Giant Squid
Bigger than the one you eat in Fish n Chip restaurant
WELLINGTON, New Zealand -- A rare
and dangerous squid with eyes the size of dinner plates and scores of
razor-sharp hooks to snag its prey has been caught by fishermen off Antarctica,
New Zealand scientists said on Thursday.
The half-grown female colossal squid is only the second intact example of the
monster cephalopod known to have been found, said marine biologist Steve O'Shea
of New Zealand's national museum.
"I've seen 105 giant squid, but seeing something like this is pretty
sensational," O'Shea told Reuters.
A trawler caught the 150 kg, 330-pound squid in the sub-Antarctic Ross Sea about
3540 kilometers (2,200 miles) south of Wellington.
The squid was eating Patagonian Toothfish, which grow to two meters in length,
when it was caught. It was dead when it was hawled into the trawler and the
remains are now in the New Zealand national museum.
The body of the colossal squid is much bigger than the giant squid, which can
weigh up to 900 kg, 2,000 pounds when fully grown. A giant squid's tentacles can
be up to 13 meters long, compared with five meters on the recovered creature.

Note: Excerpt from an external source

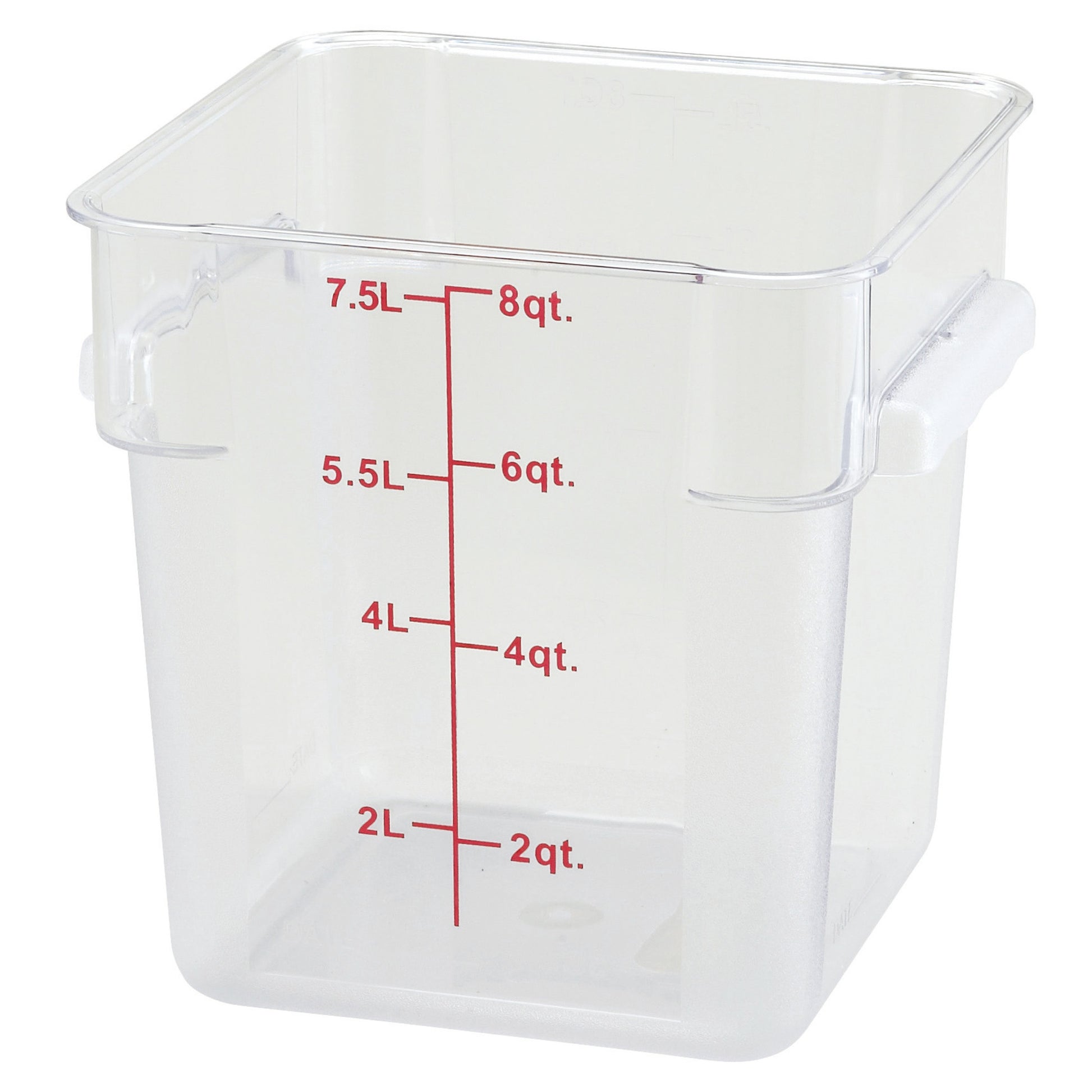 Material Polycarbonate Color Clear Capacity 8.0 qt 7.57 l Length 10.25 in 26.04 cm Width 8.75 in 22.23 cm Height 9.0 in 22.86 cm -

Comparisons are difficult because of the colossal squid's hostile environment
and rarity. Five of the six previous discoveries have only been pieces inside
sperm whale stomachs.
More dangerous
American marine biologist Kat Bolstad said the colossal squid was a more
dangerous animal than the giant squid, the mythical monster of the deep that
attacked Captain Nemo's Nautilus in Jules Verne's "Twenty Thousand Leagues Under
the Sea."
"This is a very aggressive animal and moves quickly. If you fell in the water
next to it you would be in big trouble," said Bolstad.
The colossal squid finds food by literally glowing in the dark, deep waters to
light up prey for its massive eyes -- the biggest of any animal.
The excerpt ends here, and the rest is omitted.